Żółte kartki: 44' Reijnders; 59' Leao; 59', Theo 61'; Gagliardini,
AC MONZA: (1-3-4-2-1): Di Gregorio, Bettella (19' D'Ambrosio), A.Carboni (68' Pablo Mari), Caldirola; Ciurria (85' Birindelli), Gagliardini (85' Machin_, Pessina, Carlos Augusto (90+1F.Carboni) ; Colpani (78' V.Carboni), Marić (56' Petagna); Mota (56' Caprari).
AC MILAN: (1-4-3-3): Maignan; Kalulu, Thiaw, Tomori, Theo Hernandez (79' Bartesaghi); Loftus-Cheek, Krunić, Reijnders; Pulisic (79' Chukwueze), Giroud (79' Colombo) , Leao (79' Okafor).
Miejsce: U-Power Stadium (Monza).
*** SKRÓT SPOTKANIA ***
- brakuje porządnej 6
- Tomori w prawie każdym sparingu popełnił błąd, który skończył się utratą gola
- jeśli Okafor ma grać bardziej na skrzydle, to Giroud i Colombo na 9 to za mało
Na plus przede wszystkim nowi gracze:
- Reijnders może być odkryciem sezonu i bardzo cenną postacią
- RLC powinien wnieść sporo przydatnej fizyczności do środka pola
- Pulisic to duży upgrade względem Diaza
Czekam na dłuższe występy Okafora, Chukwu i Musaha :)

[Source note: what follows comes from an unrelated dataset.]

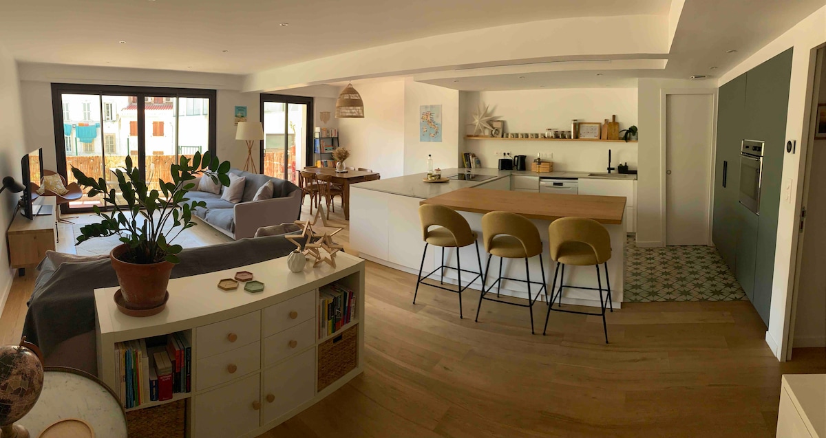 au 7ème étage avec ascenseur, l’appartement a été entièrement rénové en 2021 par un architecte. Grande pièce à vivre baignée de soleil, et cuisine ouverte face à la mer. Ces deux pièces ont un accès direct sur la terrasse Un grand couloir conduit au coin nuit où se situent les deux chambres climatisées. Emplacement exceptionnel: - 2 min de la plage des catalans - 3 min du Palais du Pharo - 10 min du Vieux Port Numéro d’enregistrement:13207015531DP

Już na sparingach widać ile martwej przestrzeni jest na obu stronach między linią obrony a pomocą wystarczy, że rywal wyczuje moment podchodząc bliżej i to już wystarczy, żeby doszło do głupiej straty piłki bo nie ma wgl możliwości podania czy to w przód czy to w tył, pozostaje jedynie nabić gościa bo wywalenie piłki w out rodzi kolejne kłopoty w postaci kontry a jeśli rywal choć trochę ogarnia atak pozycyjny to jesteśmy kompletnie wyłączeni z gry i możemy liczyć jedynie na Magic Mika co zresztą mogliśmy zaobserwować w tym meczu bo Monza w taki sposób wbiła bramę.
Wcześniej nasza dwójka pomocników regularnie gasiła takie zapędy i właściwie to nie wiem co stoi na przeszkodzie, żeby dalej tak było przy tym 1-4-3-3 wystarczy, że zagramy w pomocy na dwóch z tyłu i treq a jak nie tak to przecież tak samo z tym składem wypali ustawienie z tzw fałszywą dziewiątką czy nawet choinką opcji przecież jest wiele i można to regularnie zmieniać w trakcie meczu ale macie rację Pioli to jest jednak beton bo czemu nagle chcę zrezygnować z treq tego nie wiem.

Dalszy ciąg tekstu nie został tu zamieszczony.